Demographics for Patients With Sepsis and Septic Shock

Factor	Any Sepsis, n = 18,183, n (%)	Sepsis-2, n = 12,981, n (%)	Sepsis-3, n = 12,043, n (%)	p^*
Sex
Men	9,300 (51)	6,691 (52)	6,118 (51)	0.359
Women	8,596 (47)	6,046 (47)	5,670 (47)	0.497
Missing	337 (2)	244 (2)	255 (2)	0.349

Race
White	14,234 (78)	10,169 (78)	9,375 (78)	0.529
Black	959 (5)	721 (6)	658 (5)	0.711
Others/missing	2,990 (16)	2,091 (16)	2,010 (17)	0.355
	Mean (sd)	Mean (sd)	Mean (sd)

Age (yr)	56 (18)	56 (18)	56 (18)	0.654
	Septic Shock, n = 1,894, n (%)	Sepsis-2, n = 1,758, n (%)	Sepsis-3, n = 676, n (%)	p^*

Sex
Men	977 (52)	911 (52)	386 (57)	0.999
Women	829 (44)	759 (43)	290 (43)	0.142
Missing	88 (5)	88 (5)	0 (0)	0.003

Race
White	1,413 (75)	1,314 (75)	519 (77)	0.965
Black	143 (8)	131 (7)	72 (11)	0.248
Others/missing	338 (18)	313 (18)	85 (13)	0.599
	Mean (sd)	Mean (sd)	Mean (sd)

Age (yr)	56 (18)	56 (18)	58 (17)	0.046

Open in a new tab

p value compares patients meeting Sepsis-2 criteria to patients meeting Sepsis-3 criteria using the overlapping test for proportions and the overlapping t test for continuous variables.

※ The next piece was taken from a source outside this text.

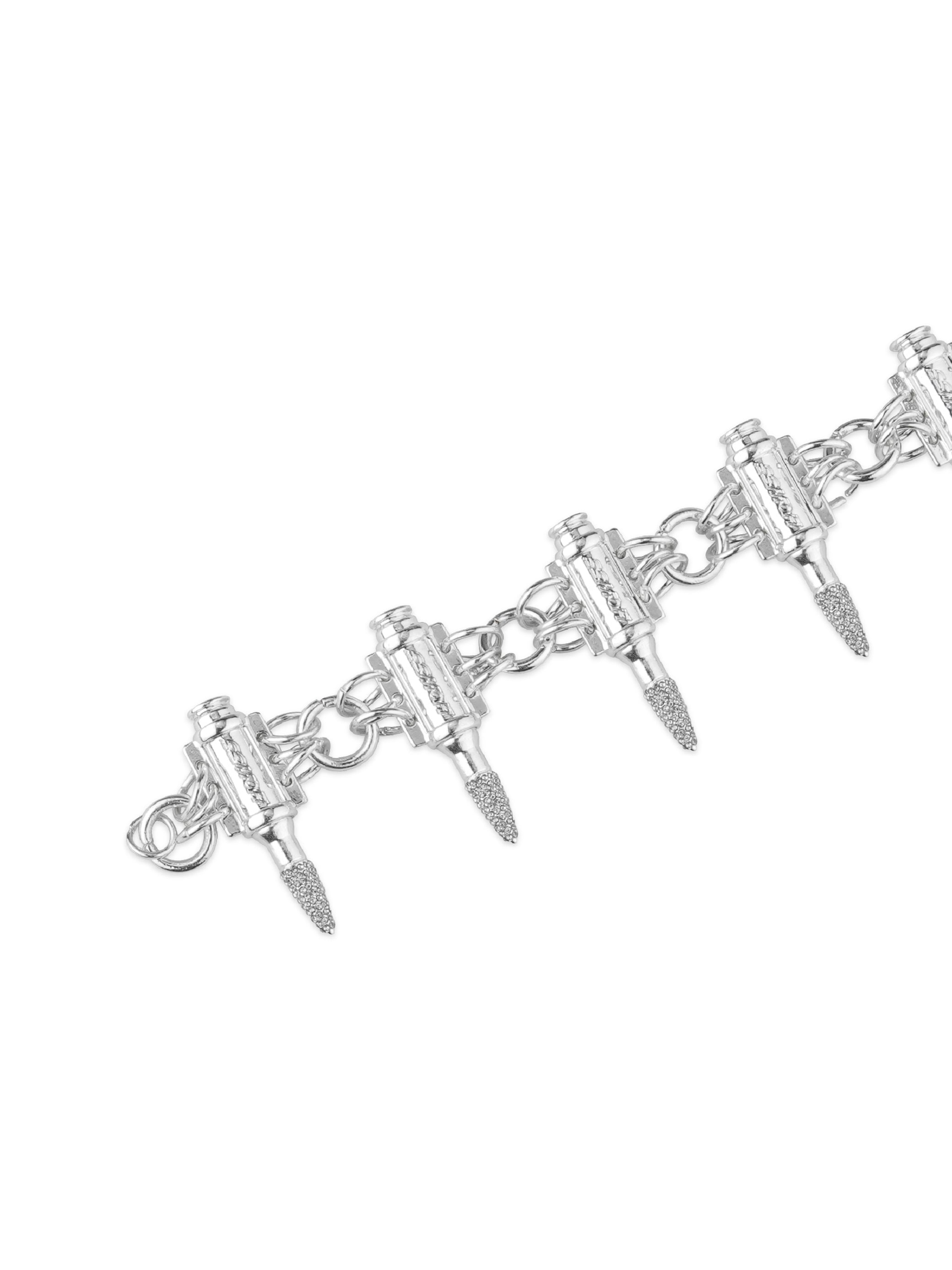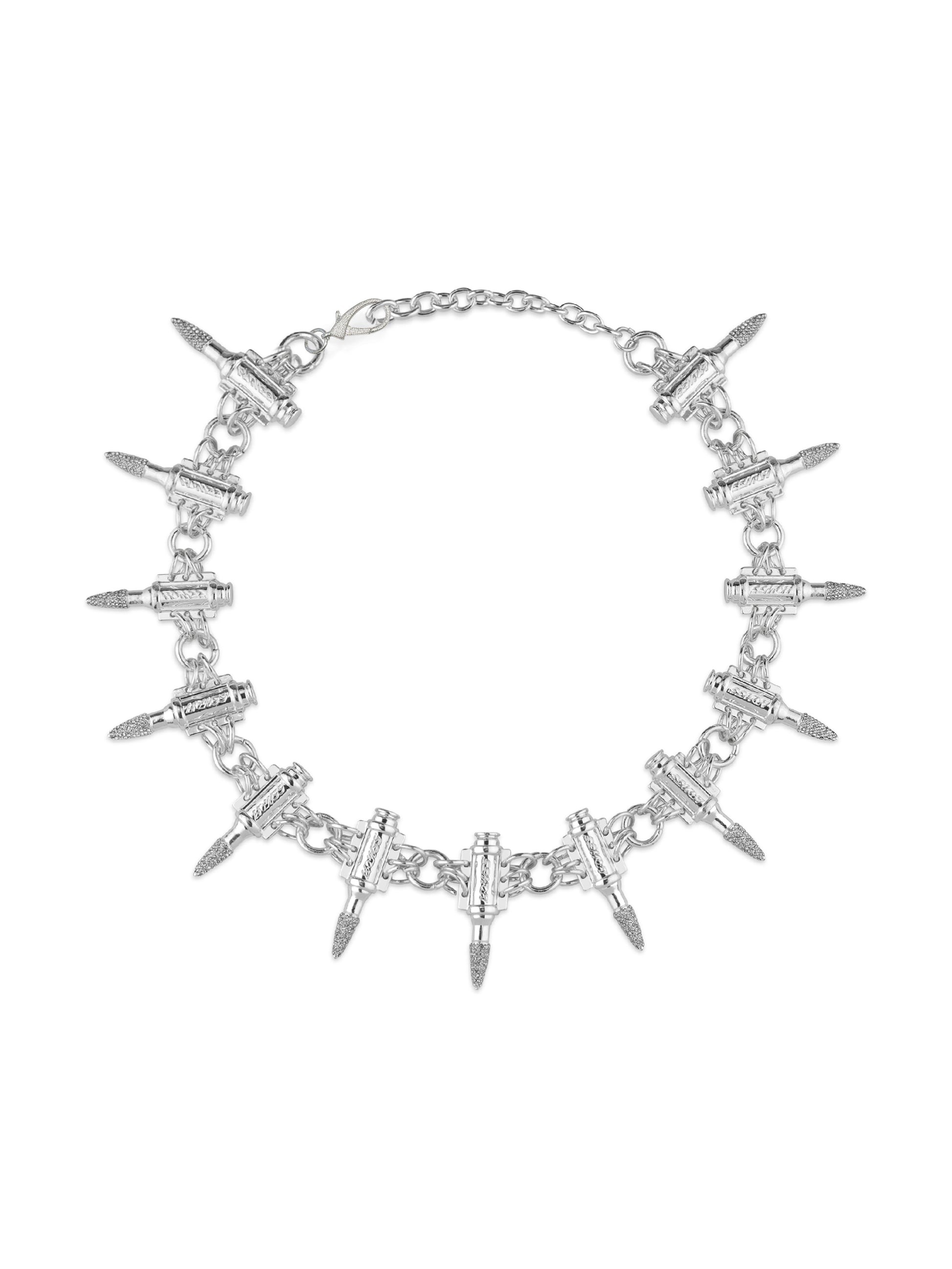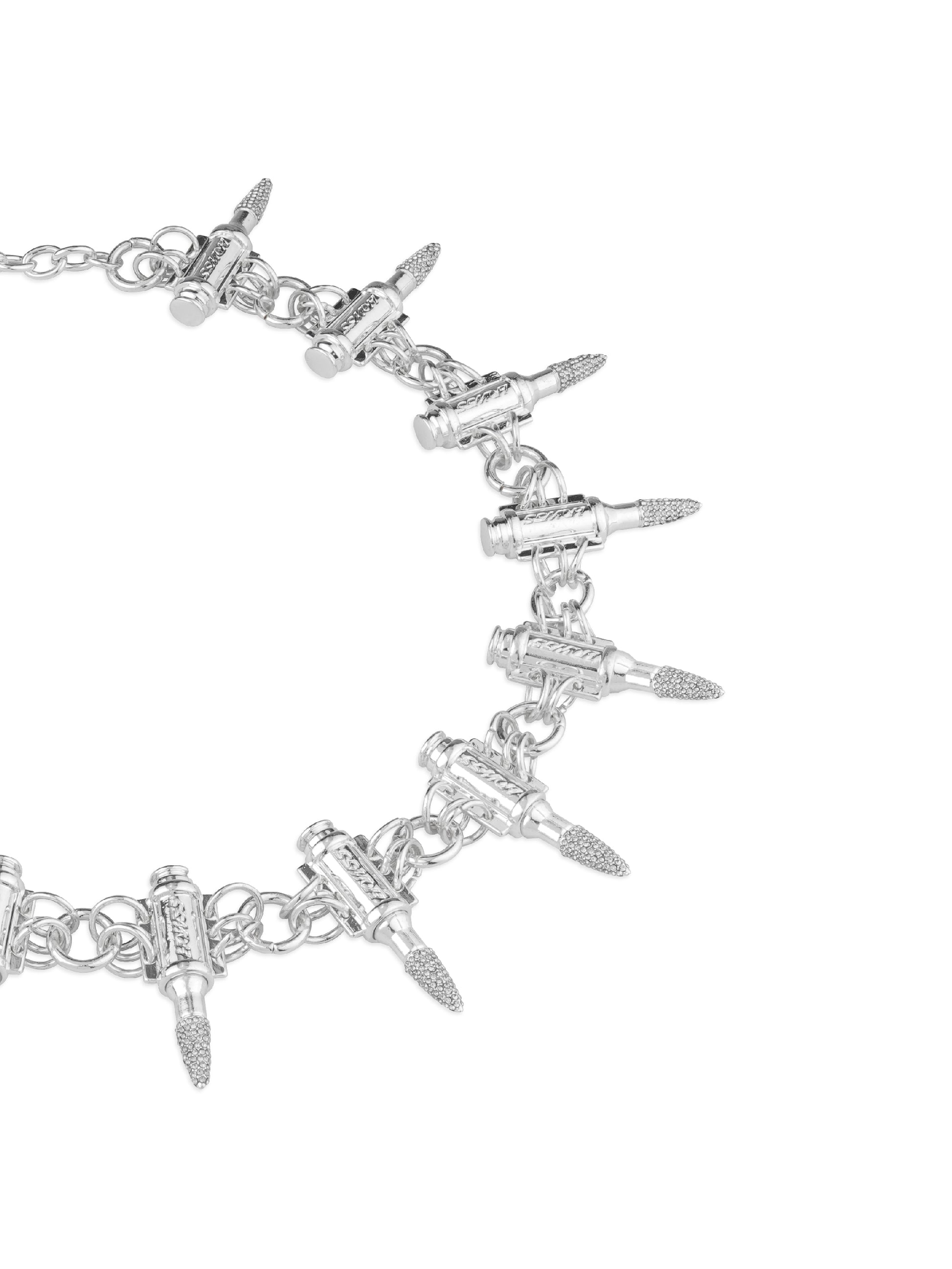 Gefertigt aus einer hochwertigen Legierung mit weißvergoldeter Beschichtung für einen klaren, kühlen Glanz. Jede Patronenspitze ist von Hand mit Strasssteinen in optischer Qualität besetzt, die scharfe Lichtreflexe erzeugen.

No power analysis was done. Sample size was determined by the number of available records from each institution.

RESULTS

We had 29,459 patients with suspected infection, defined as obtaining blood cultures and receiving antibiotics: 18,183 (62%) had either Sepsis-2 or Sepsis-3. Patients were (mean ± sd) 56 ± 18 years old, 9,300 (51%) were men, and 14,234 (78%) were Caucasian (Table 1). Of these septic patients, 12,981 patients (44%) had Sepsis-2, 12,043 (41%) had Sepsis-3, and 6,841 patients (23%) had both Sepsis-2 and Sepsis-3. Fifty-three percent of Sepsis-2 patients also had Sepsis-3, whereas 57% of Sepsis-3 patients also had Sepsis-2 (Fig. 1). Agreement between the two phenotypes was poor: kappa = 0.213, (95% CI, 0.201–0.225). SIRS and SOFA points correlated poorly (r = 0.292, p < 0.001). The distribution of SIRS and SOFA points is shown in the bubble plot (Fig. 2).

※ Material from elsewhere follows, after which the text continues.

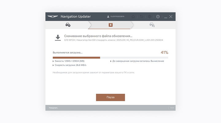 1. Обновление можно выполнить только при включённой навигационной системе.
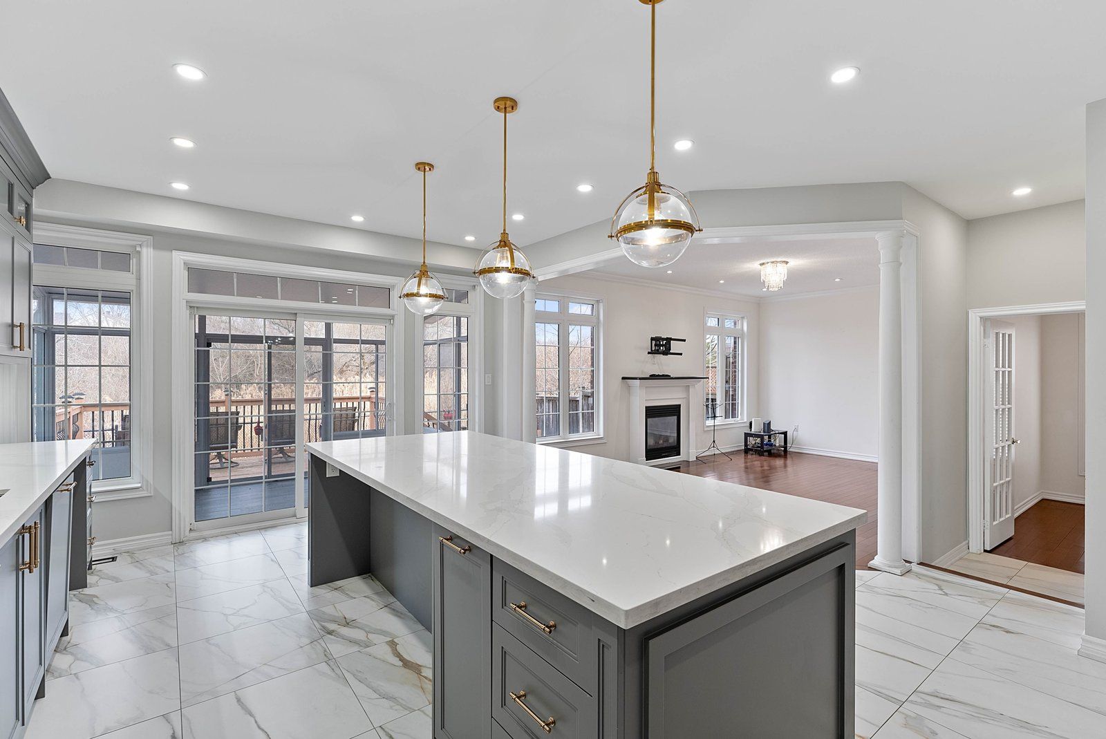 Luxury ravine home for lease - bernbridge street, box grove, markham. Stunning 5+1 bed, 4 bath detached home with approx. 3,500 sq. Ft. + finished basement, featuring modern design, hardwood floors, quartz countertops, and quartz kitchen island with high-end appliances. Main floor includes separate living & family rooms, office, guest room at entrance, and bright open spaces. Second floor offers 5 spacious bedrooms, including primary with walk-in & ensuite, plus additional full baths. Finished basement ideal for recreation or extra living space. Set on a private ravine lot with serene backyard views. Prime box grove location near walmart supercentre, top schools, parks & amenities. Perfect for upscale tenants seeking style, space, and privacy.

Figure 1. — Venn diagram for patients with suspected sepsis. Neither Sepsis-2 nor Sepsis-3 sepsis–335 of 11,276 patients (3%) died. Sepsis-2 sepsis–1,594 of 12,981 patients (12%) died, Sepsis-3 sepsis–1,738 patients of 12,043 (14%) died, and both Sepsis-2- and Sepsis-3-sepsis 1,238 of 6,841 (18%) died. SIRS = systemic inflammatory response syndrome, SOFA = Sequential Organ Failure Assessment.

Figure 2. — Bubble plot of systemic inflammatory response syndrome (SIRS) and Sequential Organ Failure Assessment (SOFA) points in patients with suspected sepsis. *Bubble area* is proportional to the number of patients. *Largest bubble* (0 SOFA and 1 SIRS point) is 4.43 patients. SOFA score 12 is ≥12. Correlation between SIRS and SOFA points = 0.292, p < 0.001.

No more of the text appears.